I will change to use the staging repo to build &
release my EPP product - I hadn't liked it in the past
because it was a moving target as people updated the
simrel contents.
However, I was only referring to multiple children
providing just different versions of the same content -
not composites with different content. There are
specific failures when there are multiple children with
the same content - yet none of the answers or the FAQ
answer the question of the use case of having a single
repo with multiple versions available. However, I don't
understand this line from the FAQ: "and once we remove
it, it will invalidate that target". How does changing
the composite to point from M1 to M2 do that?
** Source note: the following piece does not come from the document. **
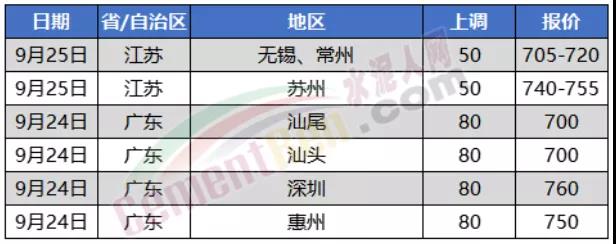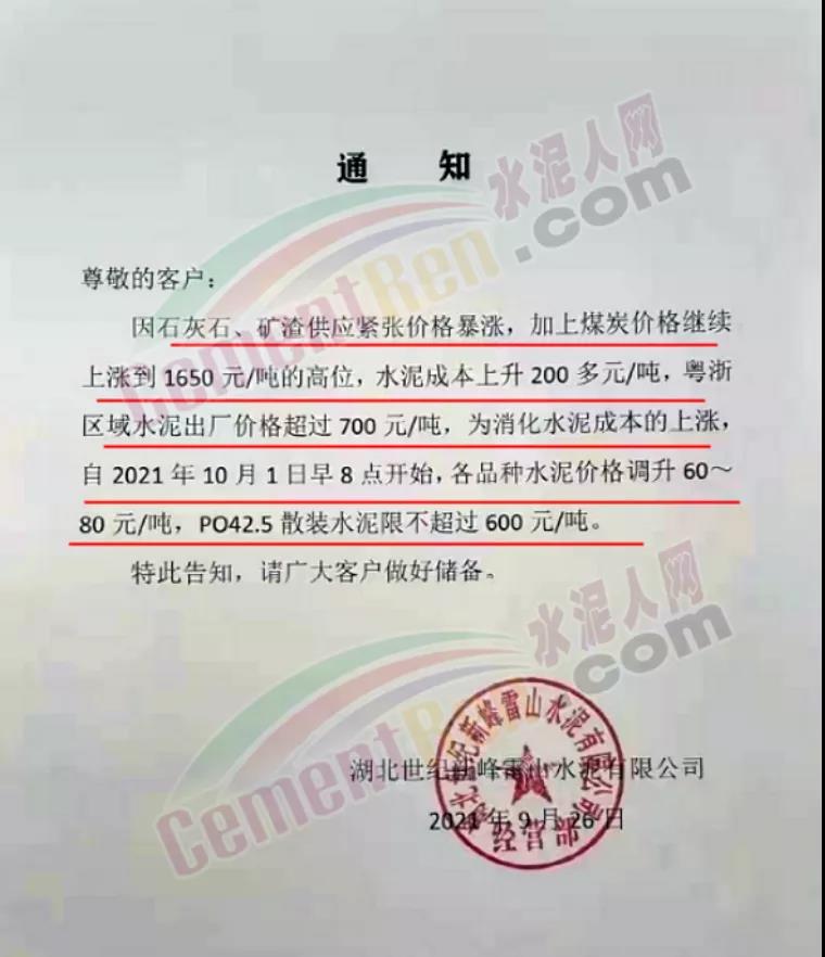 日前,湖北世紀新峰雷山水泥通知稱,因石灰石、礦渣供應緊張價格暴漲,加上煤炭價格繼續上漲到1650元/噸的高位,水泥成本上升200多元/噸,粵浙區域水泥出廠價格超過700元/噸。為消化水泥成本的上漲,自2021年10月1日早8點開始,各品種水泥價格調升60~80元/噸,PO42.5散裝水泥限不超過600元/噸。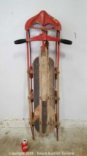 Lot #0113: Vtg. Hawthorne Wood & Steel Runner Snow Sled

Anyway, this seems to be one of the things that are
the way they are - I hope to understand but I am not
sure I will.
Jonah
Can the composite only include the
current/latest version, or can someone
educate me as to the value of having
multiple versions?
It's
a really good question. It just seems to be a
"habit" to compose multiple children, usually
with some restriction on the number of children,
e.g., the most recent n children. But
personally, just to make everything faster for
the client and less overhead for the download.eclipse.org server,
I would prefer to use a repo with a single child
with the most recent version.
So
what prompted everyone to have this habit?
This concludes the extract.